Numerous investigations have demonstrated that breastfeeding can prevent obesity and adiposity in adolescence and adulthood via desirable effects on anthropometric indices and biochemical parameters (40–42). In this way, Gopinath et al. showed that the duration of breastfeeding is significantly associated with lower BMI levels and each month the increase in breastfeeding is associated with an average reduction in BMI about 0.04 kg/m² and 0.03 kg/m² among children aged 1–2 years and 3–4 years, respectively. As well, each month increase in breastfeeding duration is associated with a 0.06 cm decrease in waist circumference in 12–24 month-year-old children (43). Moreover, different meta-analysis and high-quality studies showed that breastfeeding can reduce the risk of diabetes and significantly decrease the incidence of overweight/obesity by 13% in both high-income and low- or middle-income countries in childhood (40, 44, 45). Similarly, our investigation showed that exclusive breastfeeding can prevent obesity in early life via modification of anthropometric indices.

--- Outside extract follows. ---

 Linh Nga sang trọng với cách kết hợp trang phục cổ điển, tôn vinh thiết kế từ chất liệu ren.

Besides, Kimpimäki et al. revealed that short-term exclusive breastfeeding and early initiation of formula feeding that is based on cow’s milk can trigger progressive signs of beta-cell autoimmunity in children who are genetically susceptible to type Ι diabetes (13). There are different proteins and constituents in the cow’s milk like; α- and β-lactoglobulin, Ig E, casein, and bovine serum albumin antibodies that stimulate the immune system in a damaging way on β-cells and trigger type Ι diabetes in the first year of life (46–49).

In addition, the results from a cohort study demonstrated that the risk of elevated weight gain at the age of 2 years between infants who breastfed for less than 6 months is more than infants who fed for 6 months or more. These findings showed that the duration of breastfeeding is highly related to the risk of overweight, so that breastfeeding for at least 6 months decreases the risk of weight gain in comparison to infants who were exclusively breastfed 1 month at most (50).

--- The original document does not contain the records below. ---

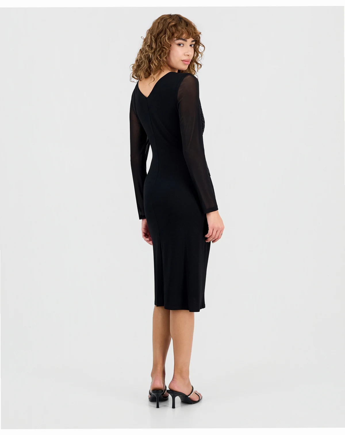 Shell and sleeves: 96% polyester, 4% spandex; lining: 100% Polyester; IMPORTANT NOTE: This item arrives with a return tag attached and instructions for removal. Once the tag is removed from the dress, this item cannot be returned.
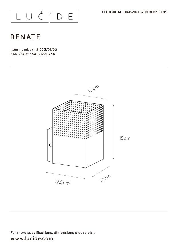 Een muur in de kijker zetten doe je met een functionele en esthetische wandlamp. Niets combineert deze eigenschappen beter dan Renate. Deze wandverlichting krijgt haar moderne vormen dankzij twee strakke, compacte kubussen in hoogwaardig metaal. Uit de bovenste kubus ontsnapt het licht via de opening en via de warmgekleurde, geperforeerde plaatjes. Door de kleine afmetingen wordt Renate in iedere ruimte verwelkomd. Je hangt deze muurlamp eenvoudig op dankzij de dunne bevestigingsplaat. Wie wil kan Renate ook makkelijk aansluiten op een dimmer. Zo brengt ze niet alleen haar elegante vormen, maar ook een hele portie sfeer in huis. Je kunt de handleiding van dit product hier vinden.
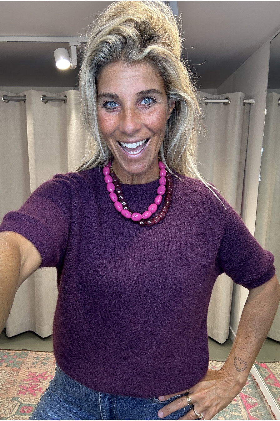 Trui Maxime is al jaren mijn favoriet! Dankzij 27% baby alpaca wol voelt hij superzacht aan en prikt niet. Dit one-size model met ronde kraag en korte mouwtjes draag je tot maat L/XL.
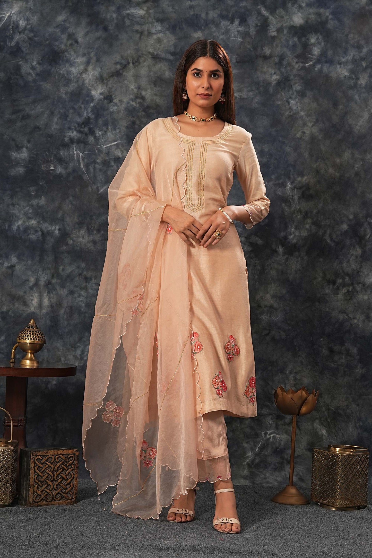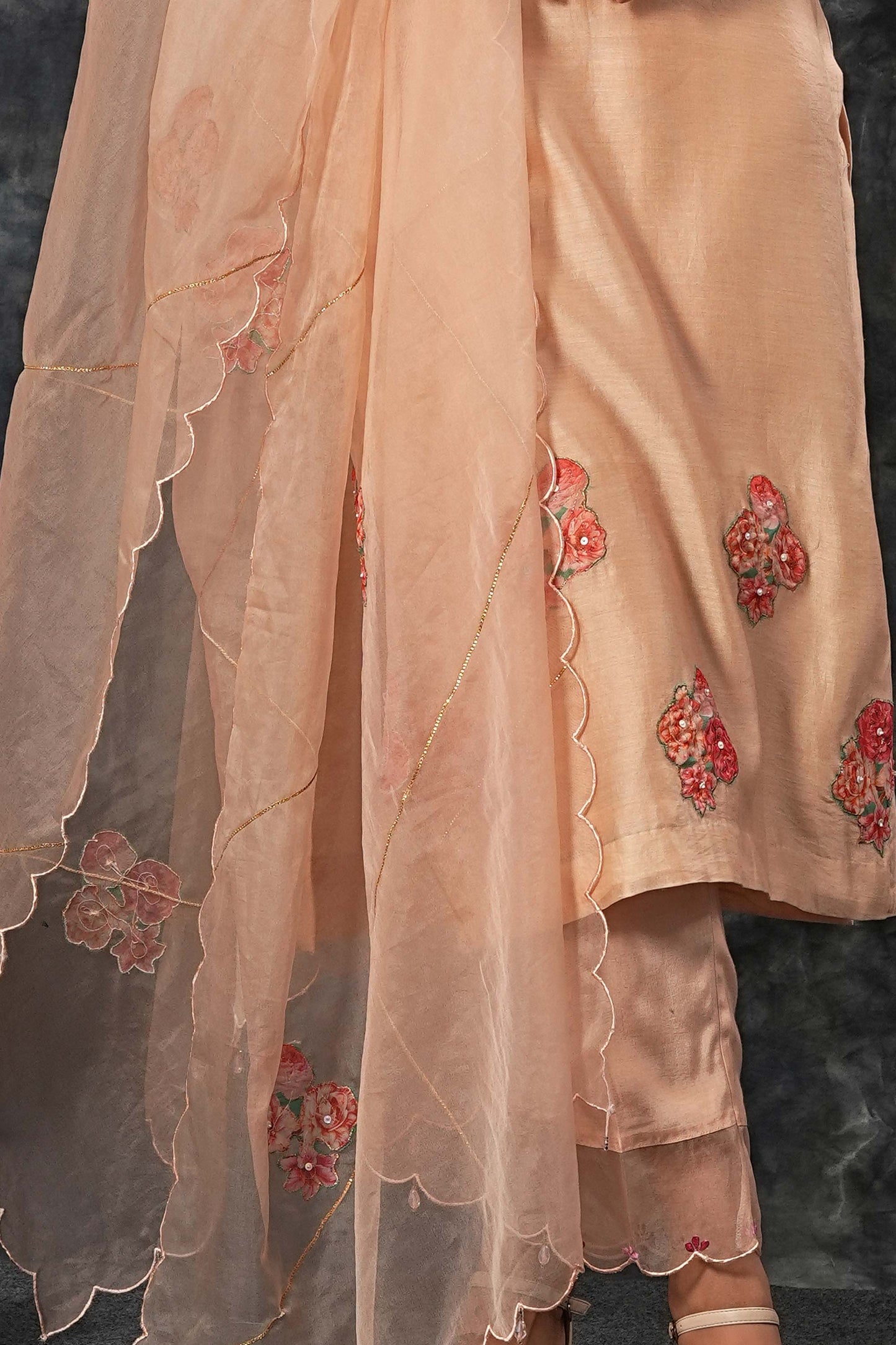 This suit set features a delicate floral applique work over the entire piece, complemented by beautiful scalped organza lace on the sleeves and bottom, as well as a scalped dupatta and tassels to bring the look together. The perfect choice for any special occasion.

The first few months of life is an important period of life that growth is very fast and the body weight doubles during 4–6 months (51, 52). Therefore, in this period of life, the type of feeding has a key role in the healthy growth of infants and prevention of overweight and obesity in the future. According to different studies, fast weight gain during the first 4 months of life was associated with a higher risk of overweight at the age of 7 years, independent of birth weight and weight at the age of 1 year (53, 54).

The particular role of breastfeeding on future overweight and obesity is related to human milk’s exceptional biochemical constituents. The nutritive and non-nutritive components of breast milk provide all the requirements of infants and moderate their energy balance. The unique bioactive substances and lower protein, fat, and insulin content of breast milk can regulate appetite, fat deposition, and metabolic responses (50, 55). Moreover, some components of breast milk such as hormones, growth factors, neuropeptides, and anti-inflammatory and immune-modulating agents affect the growth, development, and function of the gastrointestinal (GI) tract during early infancy (55). One of the exclusive components of breast milk is the human milk oligosaccharides (HMOs) that do not exist in infant formula. These complex sugars improve the gut microbiome and immune system of infants and recently have been suggested as a possible link between breastfeeding and lower obesity risk (56).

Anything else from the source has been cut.